Yes, but thats not _the_ problem! *sigh* What if you had more than 1 usb hotplug device? How would you solve it then? Say you have one phone and one camera, and theyre both using the usb-storage protocol, and youd want them appear in the local filesystem under /mnt/phone and /mnt/camera. (After all - you want to know if you are browsing the files on the phone or the camera)

Depending on which device you plug in first, it will appear under the mount point defined in conjunction with eg /dev/sda (whatever comes first). So if youve defined /mnt/camera as /dev/sda in your /etc/fstab and you plug in your phone - devfsd will assign it to the first available logical letter - which is /dev/sda. Because as far as devfsd is concerned, youve plugged in just another usb-storage device. And consequently it will be mounted on /mnt/camera and *NOT* /mnt/phone which would be the correct behaviour.

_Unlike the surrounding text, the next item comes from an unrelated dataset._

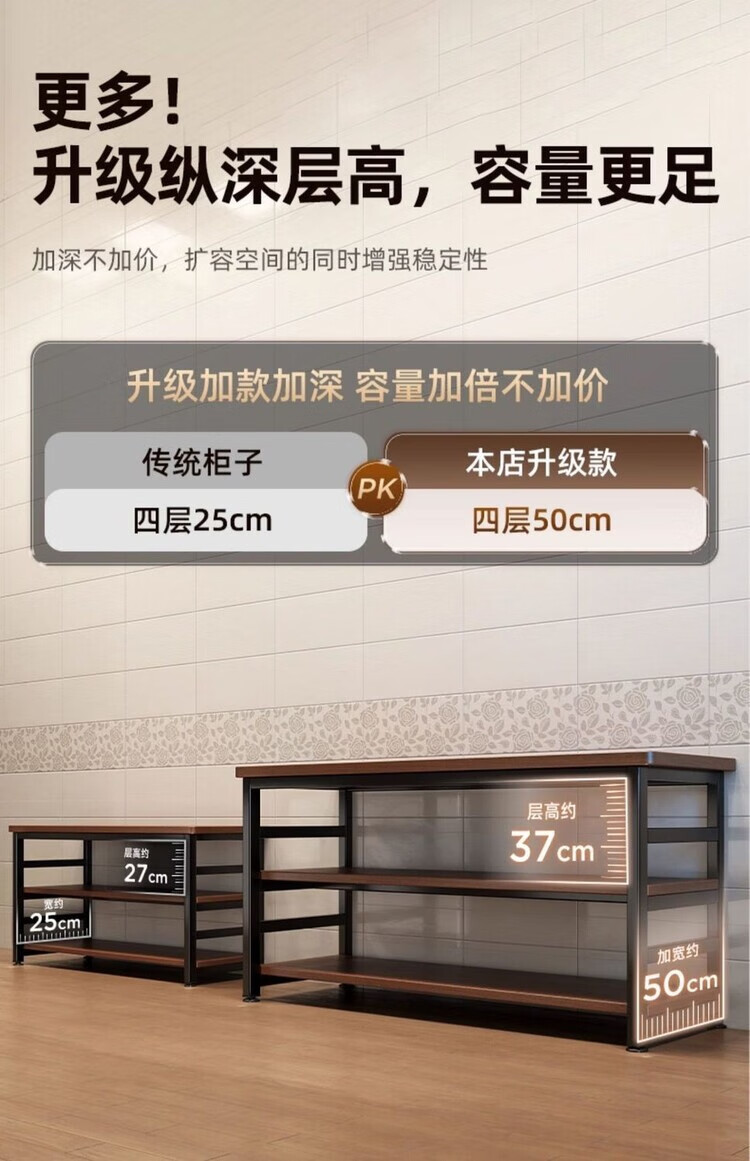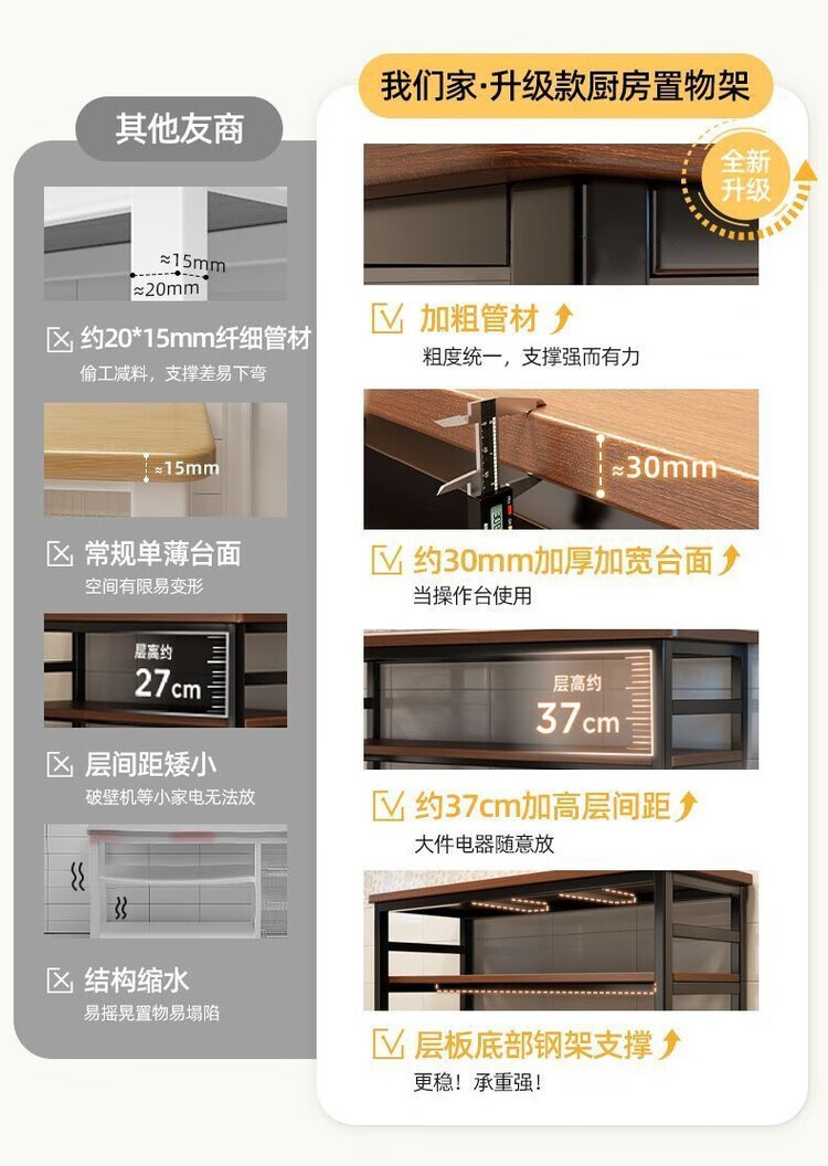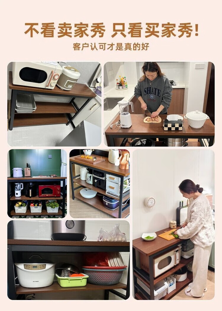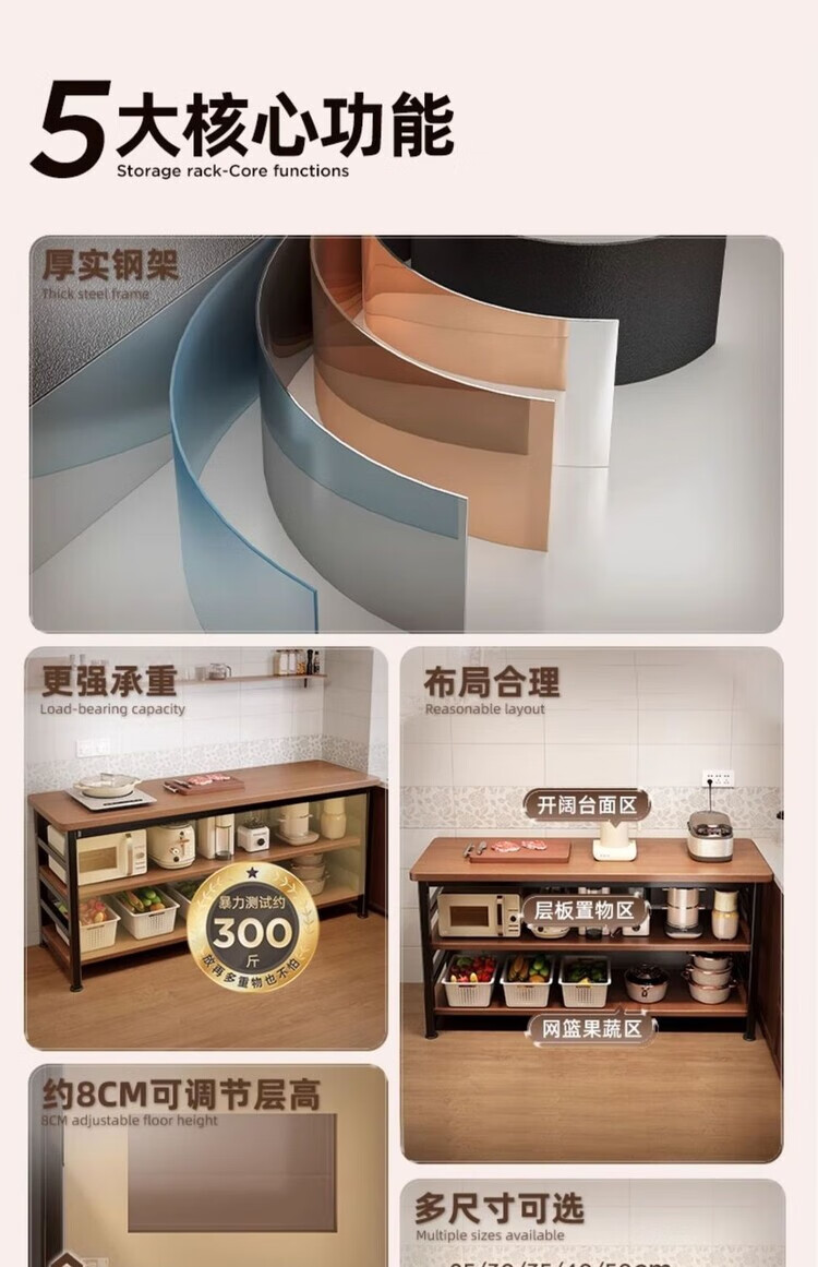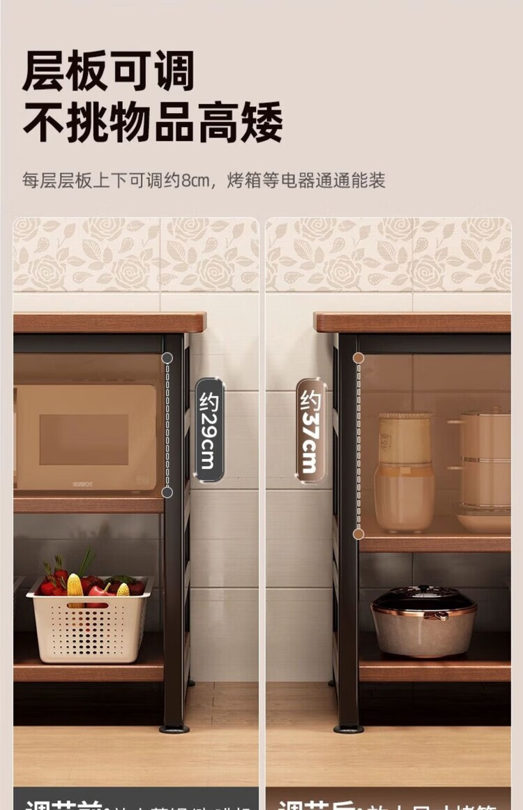 兰琦欧厨房置物架多功能家用落地多层靠墙切菜工作台窄边柜子收纳架桌子 30mm台面 两层丨长60宽35高80

Perhaps you now understand the issue at hand, and why there has to be another way around this problem  :Smile: 

Edit: Actually, I think you just proved my point with ls output from your computer. As you can see, /dev/sdd does not contain the same hostX mapping (it clearly says host4, host5, host6 etc between each hotplug/removal) - so as far as devfsd is concerned you plugged in 3 different devices. Perhaps its easier to understand why Im frustrated now.

----------

## taskara

I understand. I have no idea how to help. good luck!

----------

## Vann

You might want to look into udev.  This is one of the problems with devfs it was created to solve.

----------

## el_compa

Try this page http://www.buberel.org/linux/usb-automounter.php. With udev working, you can check what device was plugged in and then mount it with the required parameters.

----------

## Loke

Ah, thanks for the feedback, guys. After this Ive been reading up on devfs / udev debate and it looks like devfs has designflaws regarding my issue described above. And it looks like devfs is being dumped from the kernel soon, too. Going from experimental to deprecated  :Laughing: 

el_compa: Do you need udev working if using the instructions in the url you posted? The author doesnt mention udev, so I was just wondering. To me it seems like hotplug has the functionality to recognize certain USB devices based on their USB-ID tag from lsusb, and take the appropriate action.

----------